Start at the line with "Сувенирна магнитна отварачка" in the records below, stop at the line with "今日は5年生の野球の日でした", and return every line in that span exactly, the two end lines included.

Supplied records:

=-=-=

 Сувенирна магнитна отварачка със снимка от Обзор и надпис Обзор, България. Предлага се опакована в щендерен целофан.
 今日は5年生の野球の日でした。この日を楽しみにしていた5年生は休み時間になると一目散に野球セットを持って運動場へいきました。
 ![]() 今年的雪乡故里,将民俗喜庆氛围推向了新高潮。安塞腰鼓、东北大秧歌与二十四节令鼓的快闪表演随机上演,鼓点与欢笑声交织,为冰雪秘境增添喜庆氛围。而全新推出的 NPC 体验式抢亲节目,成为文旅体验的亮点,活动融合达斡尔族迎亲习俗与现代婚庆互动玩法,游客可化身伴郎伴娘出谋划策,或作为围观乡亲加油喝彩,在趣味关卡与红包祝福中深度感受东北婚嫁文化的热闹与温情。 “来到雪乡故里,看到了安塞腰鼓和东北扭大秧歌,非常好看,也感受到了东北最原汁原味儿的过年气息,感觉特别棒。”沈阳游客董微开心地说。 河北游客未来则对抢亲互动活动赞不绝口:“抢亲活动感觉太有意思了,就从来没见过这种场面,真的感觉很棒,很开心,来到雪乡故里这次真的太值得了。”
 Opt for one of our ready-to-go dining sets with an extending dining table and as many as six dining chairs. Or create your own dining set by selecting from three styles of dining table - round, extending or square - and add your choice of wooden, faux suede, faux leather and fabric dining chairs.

=-=-=

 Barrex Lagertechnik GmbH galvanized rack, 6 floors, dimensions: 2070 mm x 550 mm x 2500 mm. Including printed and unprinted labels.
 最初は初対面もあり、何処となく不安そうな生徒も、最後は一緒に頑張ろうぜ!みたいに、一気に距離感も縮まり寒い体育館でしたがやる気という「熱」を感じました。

=-=-=

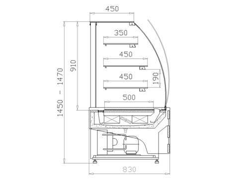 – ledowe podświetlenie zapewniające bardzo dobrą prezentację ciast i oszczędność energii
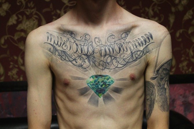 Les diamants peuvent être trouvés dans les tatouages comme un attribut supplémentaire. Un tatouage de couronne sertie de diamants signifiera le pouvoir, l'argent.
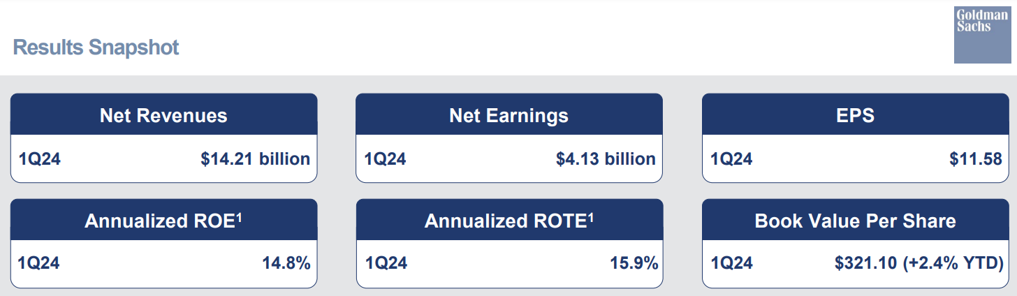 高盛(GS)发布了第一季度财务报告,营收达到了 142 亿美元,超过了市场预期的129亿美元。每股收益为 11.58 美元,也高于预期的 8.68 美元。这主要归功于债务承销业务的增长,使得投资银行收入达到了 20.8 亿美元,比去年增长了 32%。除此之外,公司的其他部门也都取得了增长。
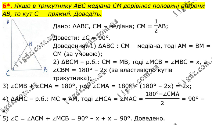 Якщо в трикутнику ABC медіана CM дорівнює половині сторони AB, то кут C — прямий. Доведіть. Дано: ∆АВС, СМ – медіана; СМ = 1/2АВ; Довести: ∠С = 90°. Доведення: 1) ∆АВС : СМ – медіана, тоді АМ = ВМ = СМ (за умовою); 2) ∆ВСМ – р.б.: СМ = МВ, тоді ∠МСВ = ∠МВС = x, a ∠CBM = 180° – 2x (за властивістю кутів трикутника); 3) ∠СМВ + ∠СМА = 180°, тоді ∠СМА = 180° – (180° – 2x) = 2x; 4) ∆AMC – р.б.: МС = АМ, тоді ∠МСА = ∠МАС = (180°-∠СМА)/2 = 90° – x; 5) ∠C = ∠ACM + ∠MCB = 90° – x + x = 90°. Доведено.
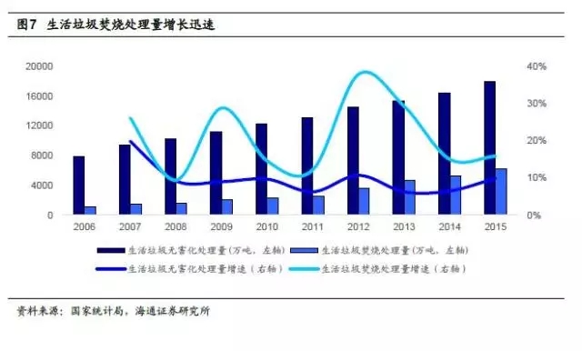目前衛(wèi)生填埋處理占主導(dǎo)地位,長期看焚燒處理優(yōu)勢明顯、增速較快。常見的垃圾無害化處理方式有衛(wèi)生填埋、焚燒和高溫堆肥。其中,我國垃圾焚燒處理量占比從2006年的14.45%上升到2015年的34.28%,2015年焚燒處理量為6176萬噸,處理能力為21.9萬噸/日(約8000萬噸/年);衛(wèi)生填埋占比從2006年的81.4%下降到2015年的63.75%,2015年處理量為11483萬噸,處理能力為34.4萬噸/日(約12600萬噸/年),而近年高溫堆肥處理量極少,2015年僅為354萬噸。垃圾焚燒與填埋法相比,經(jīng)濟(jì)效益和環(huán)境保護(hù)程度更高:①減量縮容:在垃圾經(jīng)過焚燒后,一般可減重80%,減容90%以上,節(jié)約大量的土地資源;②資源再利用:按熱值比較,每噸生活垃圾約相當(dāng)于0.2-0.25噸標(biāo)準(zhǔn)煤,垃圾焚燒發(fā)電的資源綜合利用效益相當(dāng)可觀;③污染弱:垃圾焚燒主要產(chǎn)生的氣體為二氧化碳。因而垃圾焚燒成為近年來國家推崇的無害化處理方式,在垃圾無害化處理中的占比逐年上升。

=-=-=

Exercise answer:
 Сувенирна магнитна отварачка със снимка от Обзор и надпис Обзор, България. Предлага се опакована в щендерен целофан.
 今日は5年生の野球の日でした。この日を楽しみにしていた5年生は休み時間になると一目散に野球セットを持って運動場へいきました。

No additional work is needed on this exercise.